--- Input for this task Enclosed Below ---

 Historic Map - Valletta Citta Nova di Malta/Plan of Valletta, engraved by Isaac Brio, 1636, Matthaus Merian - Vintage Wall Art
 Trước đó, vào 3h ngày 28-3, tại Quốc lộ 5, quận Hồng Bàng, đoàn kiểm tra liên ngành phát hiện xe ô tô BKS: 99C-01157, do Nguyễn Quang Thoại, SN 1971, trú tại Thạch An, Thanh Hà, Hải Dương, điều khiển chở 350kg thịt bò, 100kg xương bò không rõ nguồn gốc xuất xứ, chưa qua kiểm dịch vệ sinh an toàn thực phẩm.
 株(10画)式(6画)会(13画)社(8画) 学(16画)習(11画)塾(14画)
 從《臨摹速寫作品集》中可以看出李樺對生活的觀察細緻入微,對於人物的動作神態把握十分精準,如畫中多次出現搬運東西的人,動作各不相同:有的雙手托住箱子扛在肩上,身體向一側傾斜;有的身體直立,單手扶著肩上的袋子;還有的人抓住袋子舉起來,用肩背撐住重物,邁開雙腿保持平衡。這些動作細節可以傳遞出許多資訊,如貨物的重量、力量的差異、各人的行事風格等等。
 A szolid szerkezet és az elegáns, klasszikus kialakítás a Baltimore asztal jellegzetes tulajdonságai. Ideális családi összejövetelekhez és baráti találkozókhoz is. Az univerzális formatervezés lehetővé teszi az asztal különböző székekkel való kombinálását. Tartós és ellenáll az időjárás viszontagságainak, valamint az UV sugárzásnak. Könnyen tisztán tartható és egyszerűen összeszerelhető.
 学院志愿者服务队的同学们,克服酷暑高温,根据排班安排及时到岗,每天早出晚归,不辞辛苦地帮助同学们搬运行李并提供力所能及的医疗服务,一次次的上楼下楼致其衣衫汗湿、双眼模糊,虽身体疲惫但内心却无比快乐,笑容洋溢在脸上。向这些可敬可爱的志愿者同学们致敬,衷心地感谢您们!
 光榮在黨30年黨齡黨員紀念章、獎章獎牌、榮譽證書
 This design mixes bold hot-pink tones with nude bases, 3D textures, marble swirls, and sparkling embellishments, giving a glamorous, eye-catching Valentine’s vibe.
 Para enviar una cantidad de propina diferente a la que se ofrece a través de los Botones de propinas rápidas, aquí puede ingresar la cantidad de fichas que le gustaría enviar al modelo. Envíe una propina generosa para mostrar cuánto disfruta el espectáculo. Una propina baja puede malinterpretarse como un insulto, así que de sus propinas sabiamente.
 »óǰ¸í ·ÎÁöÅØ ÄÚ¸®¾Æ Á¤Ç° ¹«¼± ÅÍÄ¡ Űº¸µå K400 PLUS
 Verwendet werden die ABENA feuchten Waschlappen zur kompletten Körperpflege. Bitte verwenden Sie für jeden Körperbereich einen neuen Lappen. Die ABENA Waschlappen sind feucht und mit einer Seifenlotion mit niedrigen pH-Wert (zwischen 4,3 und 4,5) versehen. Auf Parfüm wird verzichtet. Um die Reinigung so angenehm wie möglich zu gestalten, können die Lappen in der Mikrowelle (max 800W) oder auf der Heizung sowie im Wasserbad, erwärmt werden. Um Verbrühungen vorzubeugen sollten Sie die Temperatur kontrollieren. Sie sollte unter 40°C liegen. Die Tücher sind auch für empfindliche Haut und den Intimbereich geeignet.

--- End of Enclosed Input for this task ---

◆ **Requirement**
Return only the part of the records above that opens with the line containing "学院志愿者服务队的同学们,克" and closes with the line containing "This design mixes", ends included.

◆ **Result for this task**
 学院志愿者服务队的同学们,克服酷暑高温,根据排班安排及时到岗,每天早出晚归,不辞辛苦地帮助同学们搬运行李并提供力所能及的医疗服务,一次次的上楼下楼致其衣衫汗湿、双眼模糊,虽身体疲惫但内心却无比快乐,笑容洋溢在脸上。向这些可敬可爱的志愿者同学们致敬,衷心地感谢您们!
 光榮在黨30年黨齡黨員紀念章、獎章獎牌、榮譽證書
 This design mixes bold hot-pink tones with nude bases, 3D textures, marble swirls, and sparkling embellishments, giving a glamorous, eye-catching Valentine’s vibe.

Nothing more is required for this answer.